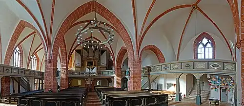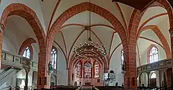 Dem nur zweijochigemLanghaus mit 27,2 Metern entspricht ein Querschnitt von 26,2 Metern, sodass von einer Kreuzkirche gesprochen werden kann.
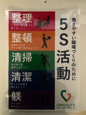 グリーンライフグループでは、「5S活動」を行っています。”整理” ”整頓” ”清掃” ”清潔” ”躾” の5つのSを取り組んでいます。
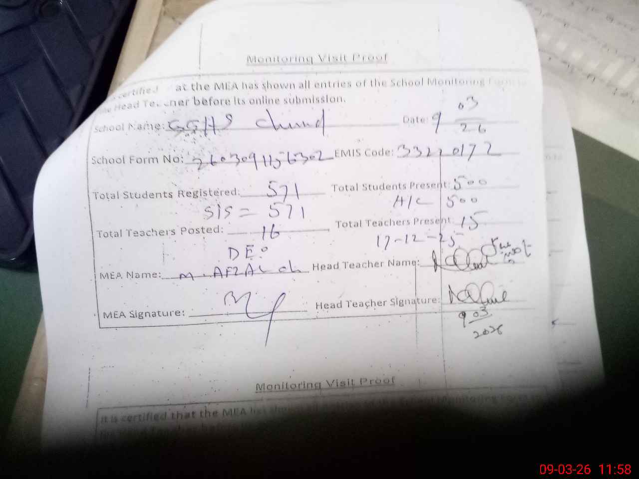 | Attendance Register | Head Teacher | MEA with School | Visit Proof |
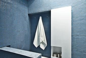 In this uber-efficient Brooklyn apartment, the resident kept lines as pure as possible by designing built-in storage alcoves. The cutout space in the white bathroom cabinet does double duty as a door pull and a cubby for frequently used items. Photo by Gile Ashford.
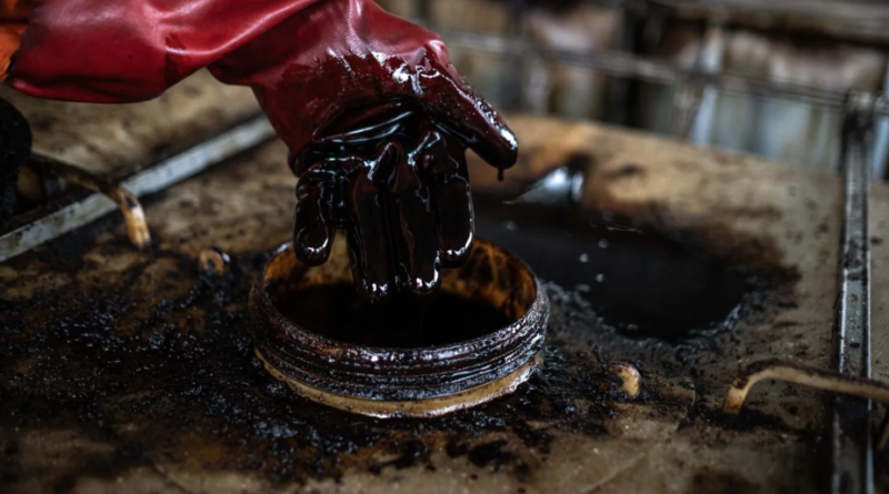 A thick, black liquid bubbles to the surface as Anthony Aalo pokes a stick into the muddy ground just outside Bodo, a fishing and farming community at the heart of Nigeria’s oil-drilling belt.
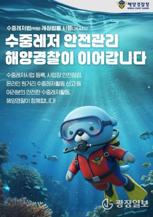 광장일보 주재영 기자 | 울진해양경찰서는 4월 23일부터 수중레저 안전관리 업무가 해양수산부에서 해양경찰청으로 완전히 일원화되어 시행된다고 밝혔다.
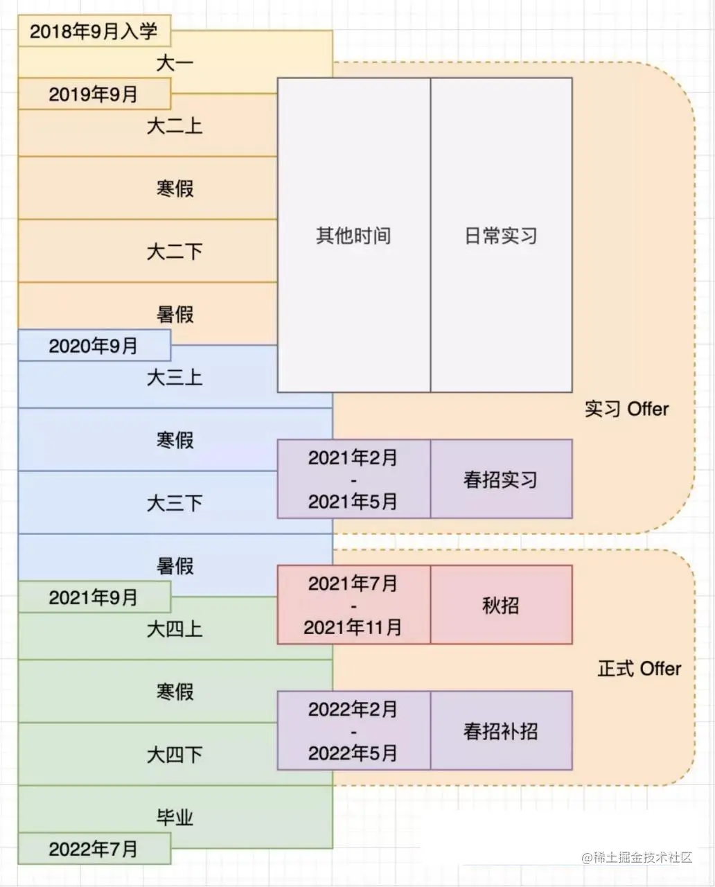 在大三的"金三银四"的春招季就去找暑期实习,这个实习的主要目的是争取转正,提前一步进入大厂拿到正式offer;如果你对暑期实习的公司或部门不满意,或者怕转正不通过,就可以准备"金九银十"的秋招季找别的公司正式工作offer。
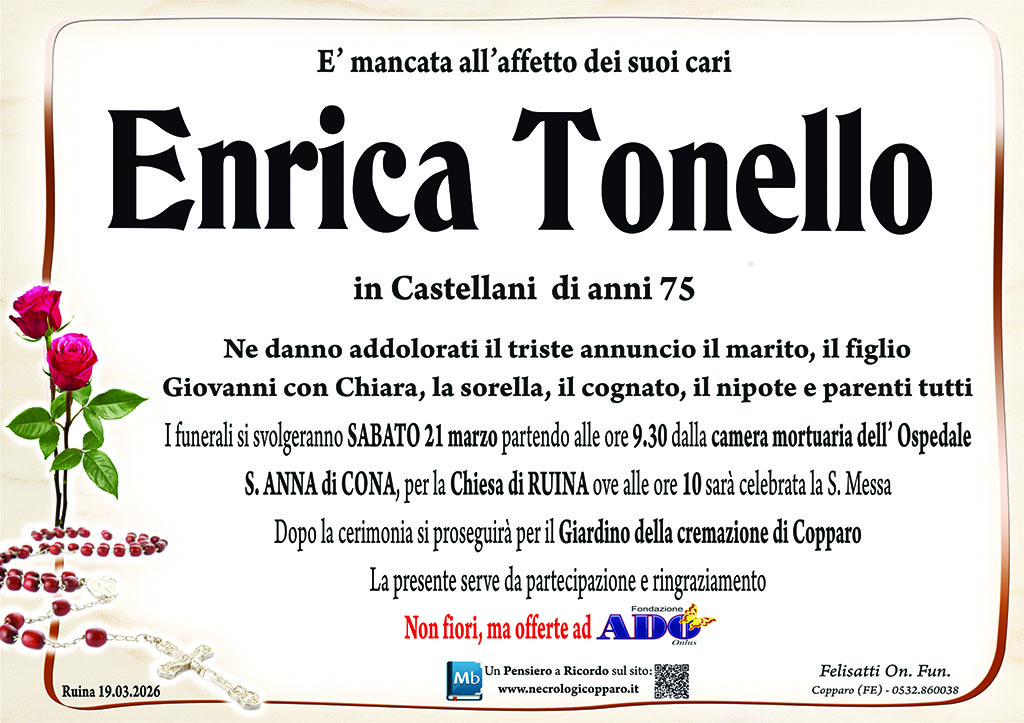 I familiari ringraziano anticipatamente tutti coloro che parteciperanno alla cerimonia funebre

▬▬▬▬▬▬

## Assignment
Verbatim copy with pictures excluded: write out the records above in full.

## Written solution
 Dem nur zweijochigemLanghaus mit 27,2 Metern entspricht ein Querschnitt von 26,2 Metern, sodass von einer Kreuzkirche gesprochen werden kann.
 グリーンライフグループでは、「5S活動」を行っています。”整理” ”整頓” ”清掃” ”清潔” ”躾” の5つのSを取り組んでいます。
 | Attendance Register | Head Teacher | MEA with School | Visit Proof |
 In this uber-efficient Brooklyn apartment, the resident kept lines as pure as possible by designing built-in storage alcoves. The cutout space in the white bathroom cabinet does double duty as a door pull and a cubby for frequently used items. Photo by Gile Ashford.
 A thick, black liquid bubbles to the surface as Anthony Aalo pokes a stick into the muddy ground just outside Bodo, a fishing and farming community at the heart of Nigeria’s oil-drilling belt.
 광장일보 주재영 기자 | 울진해양경찰서는 4월 23일부터 수중레저 안전관리 업무가 해양수산부에서 해양경찰청으로 완전히 일원화되어 시행된다고 밝혔다.
 在大三的"金三银四"的春招季就去找暑期实习,这个实习的主要目的是争取转正,提前一步进入大厂拿到正式offer;如果你对暑期实习的公司或部门不满意,或者怕转正不通过,就可以准备"金九银十"的秋招季找别的公司正式工作offer。
 I familiari ringraziano anticipatamente tutti coloro che parteciperanno alla cerimonia funebre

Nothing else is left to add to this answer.